==== Input data
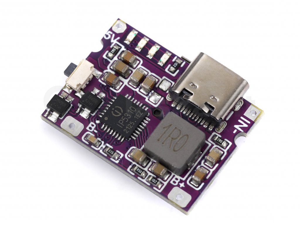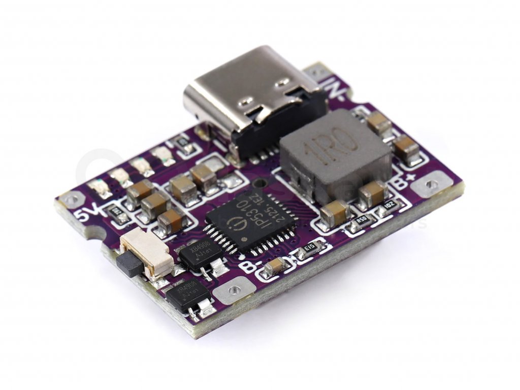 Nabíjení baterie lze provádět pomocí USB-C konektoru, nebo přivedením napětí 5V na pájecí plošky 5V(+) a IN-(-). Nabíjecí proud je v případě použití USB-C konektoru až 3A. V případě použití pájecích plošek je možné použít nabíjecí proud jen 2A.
========
==== Input data
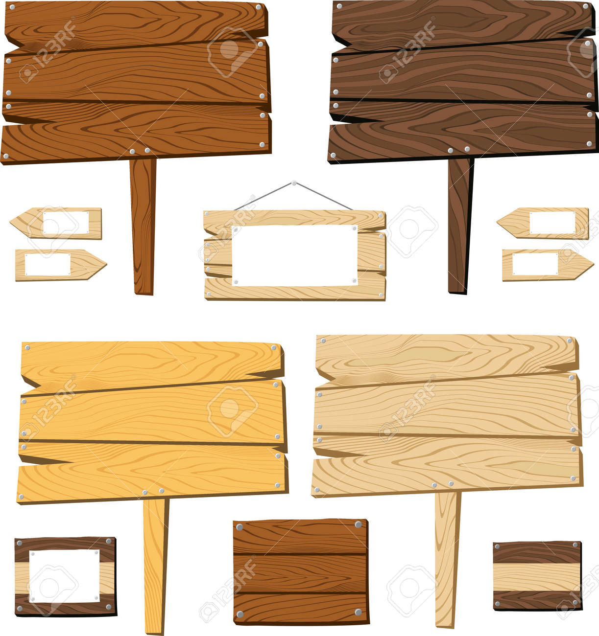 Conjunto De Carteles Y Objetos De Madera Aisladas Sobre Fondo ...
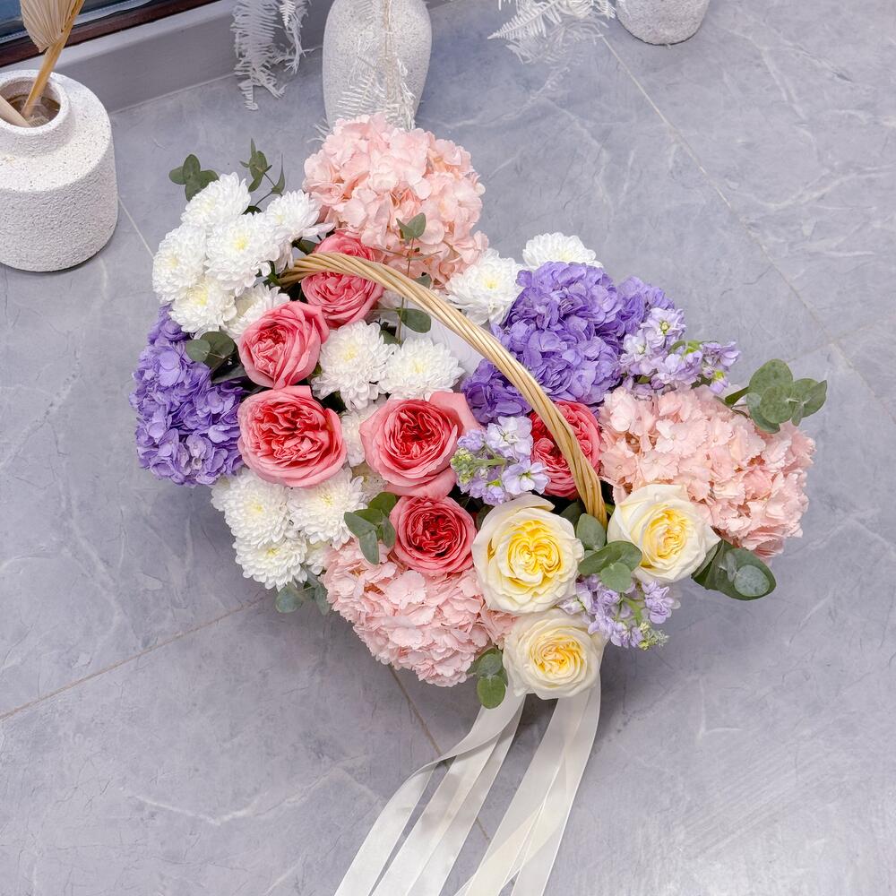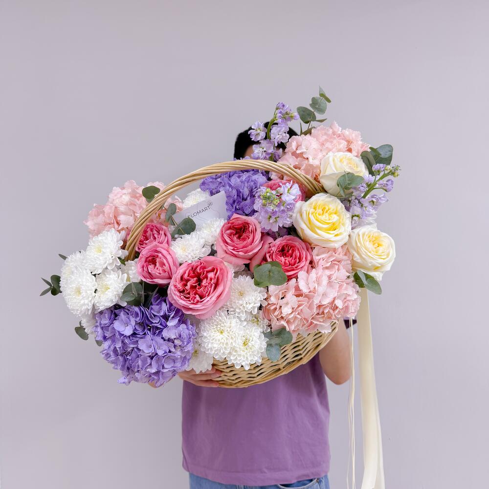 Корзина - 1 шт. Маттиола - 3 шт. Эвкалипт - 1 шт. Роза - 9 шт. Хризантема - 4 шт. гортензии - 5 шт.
========
==== Input data
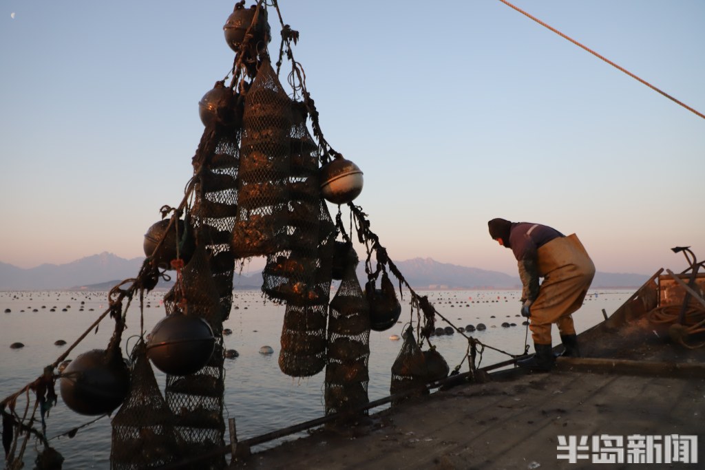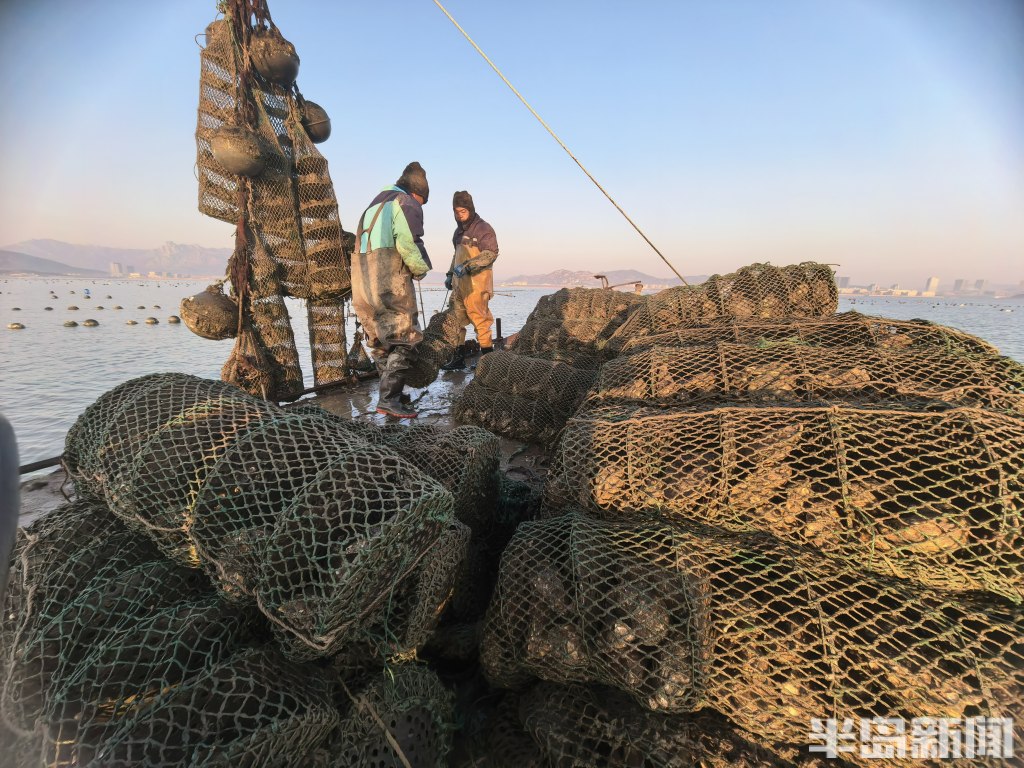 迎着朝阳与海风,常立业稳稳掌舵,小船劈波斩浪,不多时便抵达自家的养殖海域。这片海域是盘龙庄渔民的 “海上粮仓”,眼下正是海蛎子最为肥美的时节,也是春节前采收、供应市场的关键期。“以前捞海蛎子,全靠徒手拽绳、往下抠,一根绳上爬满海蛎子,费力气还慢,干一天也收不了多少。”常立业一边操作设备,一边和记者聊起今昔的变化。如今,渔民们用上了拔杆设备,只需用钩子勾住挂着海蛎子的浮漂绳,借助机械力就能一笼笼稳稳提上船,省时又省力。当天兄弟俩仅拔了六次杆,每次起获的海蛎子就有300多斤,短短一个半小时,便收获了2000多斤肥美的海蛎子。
========
=== Instructions for the task ===
Output exactly the lines above, beginning at the one with "Conjunto De Carteles" and stopping after the one with "Корзина - 1". Pictures are to be omitted.

=== Response area ===
 Conjunto De Carteles Y Objetos De Madera Aisladas Sobre Fondo ...
 Корзина - 1 шт. Маттиола - 3 шт. Эвкалипт - 1 шт. Роза - 9 шт. Хризантема - 4 шт. гортензии - 5 шт.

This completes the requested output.